What to expect from Luis Scola

Before joining the Houston Rockets over the offseason, Luis Scola was named 2006-2007 ACB MVP and led his team, TAU Cerámica to top 4 finishes in both the ACB and the Euroleague. Quite simply, he was one of Europe’s best players. In Houston he’ll join one of the NBA’s best teams, 52 wins last season, which retooled its roster over the offseason to compete with the Western Conference’s top teams. Scola will likely start alongside Yao, T-Mac, and Shane Battier, although he could also come off the bench as Chuck Hayes’ back-up.

Other international bigmen playing in today’s NBA who have made the jump across the pond from Europe have found varying levels of NBA success.  They run the gamut from the reigning MVP to benchwarmers on lottery teams. Because the Houston Rockets are a couple strong rotation players away from a ring, NBA fans should be asking themselves where Scola will fit along this spectrum as well as how he fits in on the Rockets.

With Yao and T-Mac, the Rockets already have two stars around which their offense is built. However, their supporting cast has not been up to the standards of the other Western Conference powers. With today’s rules, it is no longer sufficient to have two offensive stars and a strong team defense, as the Rockets’ 14th ranked offense found out in their first round defeat to the well-balanced Utah Jazz. At the very least, the Rockets need a PF who can hold his own in their 3rd ranked defense, and hit the open jumpers and make the cuts necessary to keep defenses from doubling Yao. With new coach Rick Adelman’s dynamic offense, however, the Rockets’ offense will rely more on ball movement and the involvement of all five players on the floor.

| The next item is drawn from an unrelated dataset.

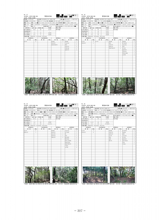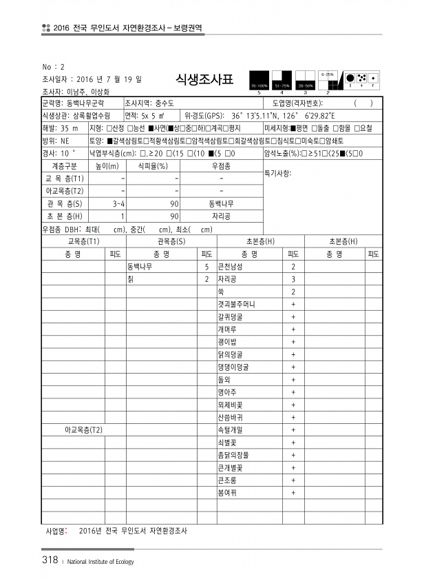 2016 전국 무인도서 자연환경조사 보령권역 318 ? National Institute of Ecology No 2 조사일자 2016 년 7 월 19 일 조사자이남주, 이상화 식생조사표 군락명동백나무군락 조사지역중수도 도엽명 격자번호 식생상관상록활엽수림 면적5x 5 ㎡ 위?경도 GPS 36°135.11N, 126° 629.82E 해발35 m 지형□산정 □능선 ■사면 ■상□중□하 □계곡□평지 미세지형■평면 □돌출 □함몰 □요철 방위NE 토양■갈색삼림토□적황색삼림토□암적색삼림토□회갈색삼림토□침식토□미숙토□암쇄토 경사10 ° 낙엽부식층 cm □.≥20 □ 15 □ 10 ■ 5 □0 암석노출 % □≥51□ 25■ 5□0 계층구분 높이 m 식피율 % 우점종 특기사항교 목 층 T1 아교목층 T2 관 목 층 S 34 ...

Scola has the basketball IQ, passing ability, and scoring ability to be an above-average NBA starter in Adelman’s system and next to Yao. In a supporting role, Scola (13.94 assist-rate for TAU last season) should be at least equivalent to, and likely a slight improvement over, Juwan Howard (13.2 assist-rate for the Rockets last season) as a playmaker in Adelman’s system which focused on … in Sacremento. Scoring efficiency and rebouding are the areas in which Scola should provide a significant improvement over the departed Howard. Howard was fairly inefficient at the 4 spot (.465 eFG%, .517 TS%, 1.03 PSA), while Scola was extremely efficient even as TAU’s leading scorer (.603 eFG%, .63 TS%, 1.27 PSA). The physical play and defensive talent of the NBA could effect Scola’s scoring efficiency; however, this may be offset by his move from leading scorer to 3rd or 4th option. Howard is a notoriously weak rebounder (12.7 reb-rate last season, and 11.7 on his career). Scola should represent an improvement on the boards. I wouldn’t expect him to dominate the glass, but he should put up average rebounding numbers.

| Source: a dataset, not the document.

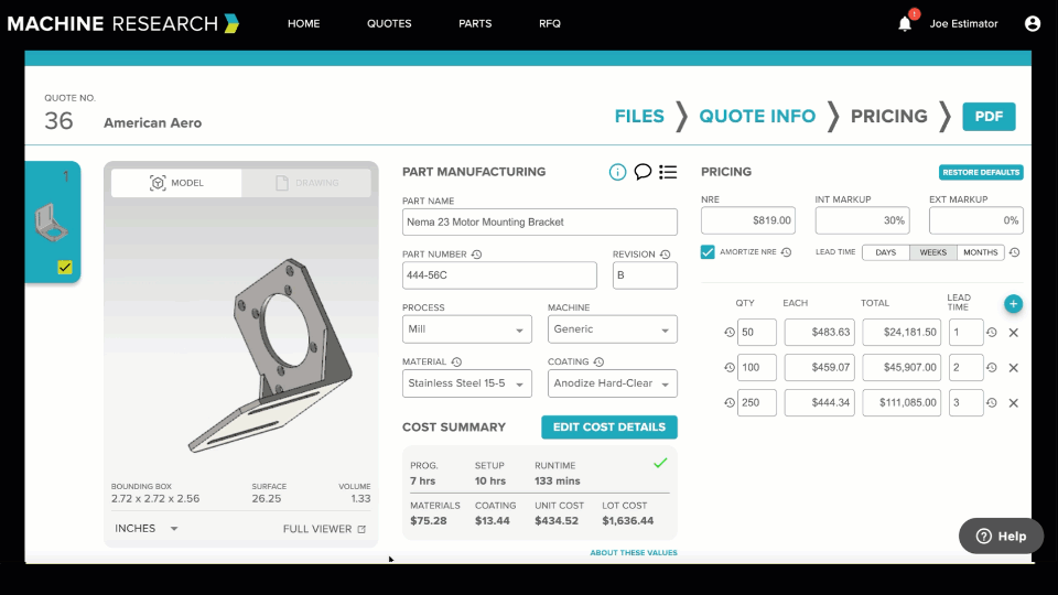 No. Machine Research is not a standalone CAD viewer download tool. It is part of a professional estimating and quoting platform built specifically for machine shops.

Scola should improve the Rockets at a position that was previously a slight weakness. In the worst-case, he has the well-rounded game to at least be a good role player, an efficient scorer who grabs some boards and plays a team-first game, next to the Rockets’ two stars, although his defense is one question mark at the NBA level. Most likely, Scola will be a quality NBA starter and one of the league’s more dangerous role players. He has been a dynamic scorer at the European and International levels, and opposing defenses may have fits accounting for Yao, T-Mac, Scola, and the Rockets’ arsenal of flashy PGs. Scola’s scoring ability both in the post and from mid-range will be a weapon that the Rockets’ revamped offense was missing last season.

With Scola and Jackie Butler joining Yao, Chuck Hayes, and Steve Novak, the Rockets’ frontcourt is on par with the elite frontcourts in the NBA. The backcourt depth around T-Mac, which struggled in last season’s playoffs, could be a key for the Rockets. The talent is definitely there-Steve Francis, Mike James, and rookie Aaron Brooks join playmaker Rafer Alston and sharp-shooting Luther Head-Adelman’s toughest job may be to manage all that depth.